Actually this is pretty much what my OP was trying to illustrate point for point, although you managed to keep it innocent and occasional for longer than most (certainly longer than me). The key is the first time you experience withdrawals, but then go back. That is the turning point, I feel.

I'm on day 3 of no opioids today. The comfort meds are a blessing. Clonidine is really useful, it takes away almost all of the physical discomfort and restlessness and helps me sleep a lot because of it. Gabapentin makes my mood actually quite positive and even euphoric. But after taking it 2 days in a row I am now going to alternate loperamide and gabapentin, since I have been addicted to gabapentin before so will get back there more easily.

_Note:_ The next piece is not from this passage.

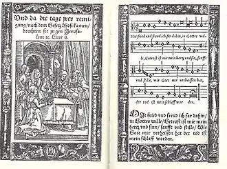 Des compositeurs ont écrit des arrangements vocaux, certains destinés aux funérailles. Johann Walter (1524), Lupus Hellinck, publié en 1544, Bartholomäus Gesius (1601), Michael Praetorius, Johann Hermann Schein, Samuel Scheidt et d'autres compositeurs ont composé des arrangements à quatre voix[7]. Heinrich Schütz l'a utilisé dans le mouvement 21 de son Musikalische Exequien , composé pour les funérailles de Henri II, comte de Reuss-Gera. Buxtehude a écrit quatre versions différentes pour les quatre strophes dans un contrepoint complexe comme musique funèbre pour Menno Hanneken, Mit Fried und Freud , qu'il a ensuite développé par un Klag-Lied (Lamentation) dans une musique funèbre pour son père.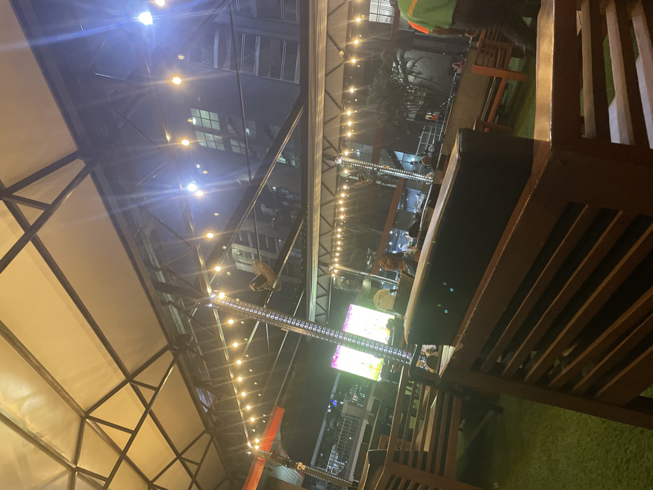 An outdoor dining area is illuminated by string lights. Tables and benches fill the space, with a television screen visible in the background. Buildings are seen beyond the dining area. A covered ceiling with geometric support beams frames the scene. People are present, contributing to the lively atmosphere.

Today is a loperamide day and I feel decent after a clonidine. My trick with loperamide is to take it before bed the night before the day you plant to use it as a withdrawal comfort med. This is because it takes 3-4 hours or more to reach full effectiveness and if you wake up in withdrawal, 3-4 hours feels like forever and it has many times caused me to cave and go get some opiates. If you take it the night before, then you wake up "fully protected" and it lasts all day anyway, though it might wear off half way through the night so there's that to consider.
 
True, opiates have their place. And it depends on the person. For me, opiates are a lot worse than alcohol. It seems to me that a lot more people are able to use alcohol responsibly than opiates, percentage-wise. Also it's harder to become physically addicted to alcohol. My good friend has gotten drunk every single night for the last 13 years with occasionally one night off. Last year he took a week off because he was concerned he'd have withdrawals, and he felt great for the whole week. Sure wouldn't be the case for opiates! But yeah I'm not saying they don't have their place, or that some few individuals can't use them occasionally without going off the rails. One good thing about them is they don't cause damage to your organism by themselves.
disagree after almost dying from alcoholism DTs, choking on throw up, seizures, half gallon of cheap vodka every day. first and foremost a transition to sobriety is best but when weed and xanax doesn't cut it we all know mental PAIN.pain killers in general have far less organ damage/u can't die from cirrhosis from heroin and cocaine
 
Of course, yeah I totally agree that's true. Opiates are non-toxic other than if you overdose, whereas alcohol is just straight up poison and any gabaergic has the worst and most dangerous withdrawals. I'm just saying I know a whole lot more people that can just do alcohol sometimes than I do who can just do opiates sometimes. Also I've always found that I get addicted physically to opiates way easier than gabaergics, In fact even drinking every night (but never during the day) for months on end, I've never gotten withdrawals. But it was horrible for me and certainly did organ damage.